My third year of teaching, I was finally out of survival mode and in the groove enough to have a life outside of school. A masters degree had been a long-time bucket list item. I had always said my undergraduate degree was for the job, but my future graduate degree would be for the education. Now with some money in the bank account, I could pursue an online M.A. in Biblical Theology from a Catholic University. Two standout teachers made this an incredibly enriching year of study and growth for me - Dr. Michael Barber and Dr. John Bergsma.
Dr. Barber, a founding university faculty member, taught THEO502: Foundations of Biblical Theology. One of my first impressions of him came from opening the reading lists for the class. The required readings were extensive and challenging, and the recommended readings were so far overshot that I didn't have a chance of getting through a quarter of that material. He immediately earned my respect simply for having a book list that long. It gave me to know two things right away: Dr. Barber was at least 700% better read than I was, and the bar was high.
Dr. Barber's classes were fast-paced, but followable. He provided a detailed outline of the content of each lecture. I had never seen notes with their own footnotes before, but I realized quickly that Dr. Barber was extremely detail-oriented, and he expected the same of us. He spoke in a combination of being both quick and succinct, which allowed him to cover a lot of content over a relatively short period of time. His planning and organization kept the classes purposeful and productive. As a teacher, this was a lesson inside a lesson. Not only was I learning the basics of theology - how and why to study it - I was seeing how extensive work outside the classroom brought about the learning inside it. We respected our professor for the rigor he imposed on himself, and it motivated us to aim higher.

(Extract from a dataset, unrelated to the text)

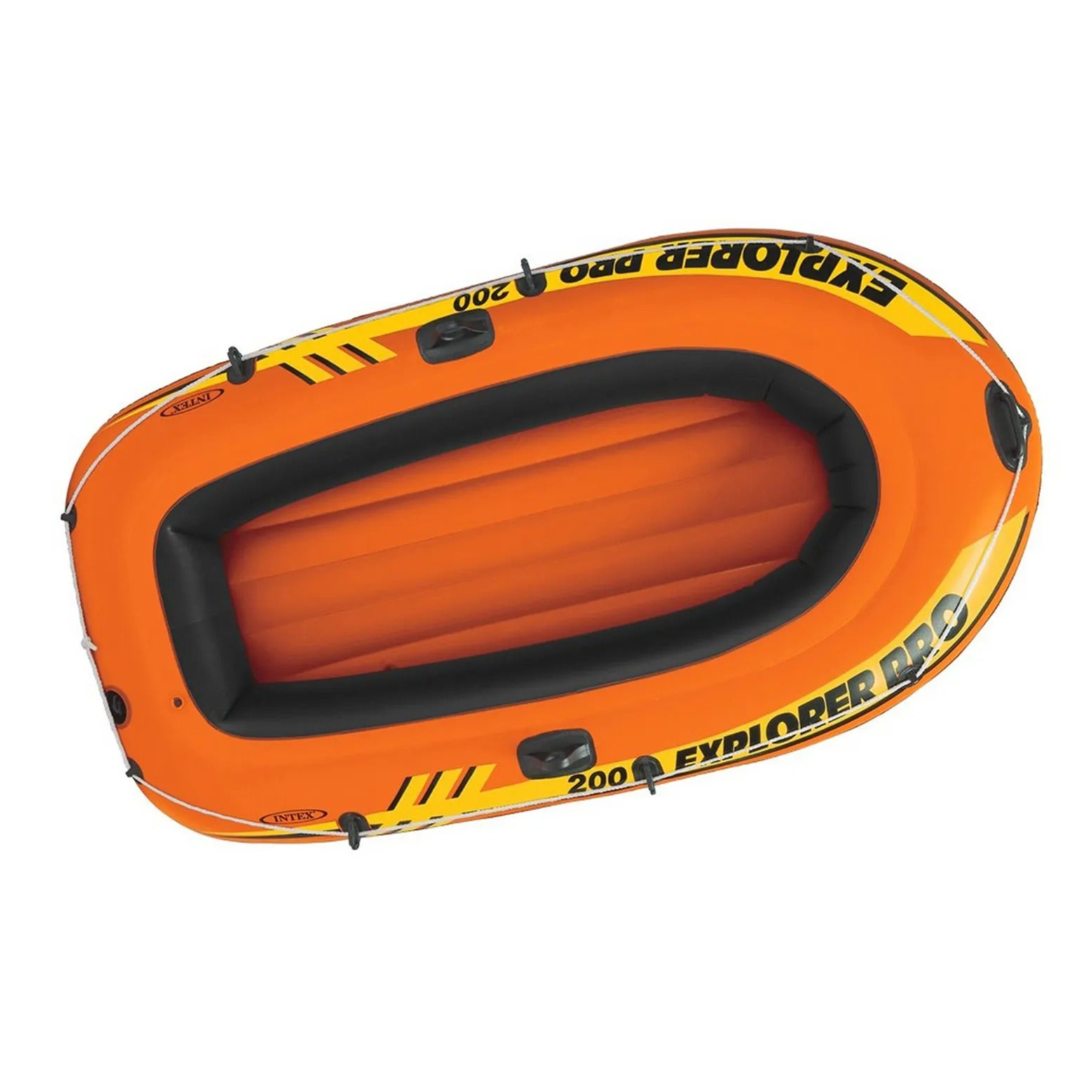 Have a boat race with friends and set the pace with the super fun Intex Explorer Pro 200! This 2-Person, inflatable boat features an all-around grab line, oar locks, grab handle on bow, and a soft inflatable floor for easy cruising. Inflatable boat, french oars and high-output pump All round grab line Grab handle Oar locks.
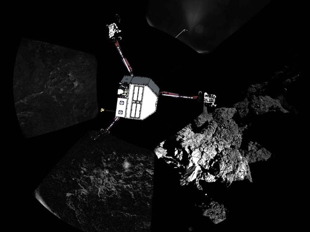 Спускаемый модуль Philae был доставлен до кометы Р67/Чурюмова-Герасименко зондом Rosetta, который был запущен 2 марта 2004 года. Цель миссии состоит в том, чтобы получить информацию о зарождении и эволюции Солнечной системы. Rosetta достигла кометы 12 ноября 2014 года. Спуск аппарата Philae на поверхность кометы занял примерно семь часов.

The content he covered gave a much wider context for the theological books I had read in the past. It gave me a sense of where we had landed in the whole history of the discipline. I remember slogging through Ratzinger's The Nature and Mission of Theology, enough of it now unlocked that the margins were popping up with exited notes and connections. This foundations course was not only providing the necessities for the degree; it was also providing motivation and inspiration to do the work that would be required.
If Dr. Barber was the setter, Dr. Bergsma was his outside hitter. In BIBL511: Pentateuch, he applied practically what Dr. Barber had laid out theoretically. A visiting professor, his class was uniquely timed to overlap with my short enrollment. From the very beginning, I knew I was very lucky to take his course. One of the main texts for the class was the draft of an Old Testament commentary that Dr. Bergsma was co-authoring. My two favorite undergraduate courses had been ones where the professors authored their own textbooks. These teachers can present a depth of content that only comes from years of their own labored study. Just like Dr. Barber, Dr. Bergsma was meticulously prepared, and we students reaped the benefits.
The fact that Dr. Bergsma was advanced in his field did not mean his presentations went over our heads. He had a knack for simplification of complex ideas, and his dry oversimplification of humorous ideas kept us all laughing. He was known for his stick-figure illustrations and goofy impersonations of biblical patriarchs. Again, lessons in pedagogy underlaid the lessons in theology. Complex ideas can be distilled into accessible language, and the entertainment value of a class should never be underrated.
Dr. Bergsma illumined parts of the Bible that had been nonsensical to me. Leviticus is usually the book that bogs down well-intentioned readers attempting the Bible from beginning to end. Only 3 books in, they get dietary laws, washing rituals, and even guidelines on baldness. I had usually heard of these as reasons to discount the Scriptures; if such were God's laws in the Old Testament, certainly current laws of the Church were just as ridiculous. But Dr. Bergsma put these codes, so seemingly out-of-touch, into a historical and whole biblical context. I saw how fitting they were for the purpose at hand, and Leviticus unexpectedly became one of my favorite Scriptures.
This "hermeneutic of unity," this way of approaching the Bible as a tightly interwoven story, was absolutely thrilling. Of course, the Bible is mysterious, containing many seeming contradictions. But digging deeper and looking for ways to reconcile the surface-level questions was more satisfying than any deconstructive tack. Dr. Barber and Dr. Bergsma exemplified this approach in their scholarship and, in their own individual styles, modeled the highest quality teaching.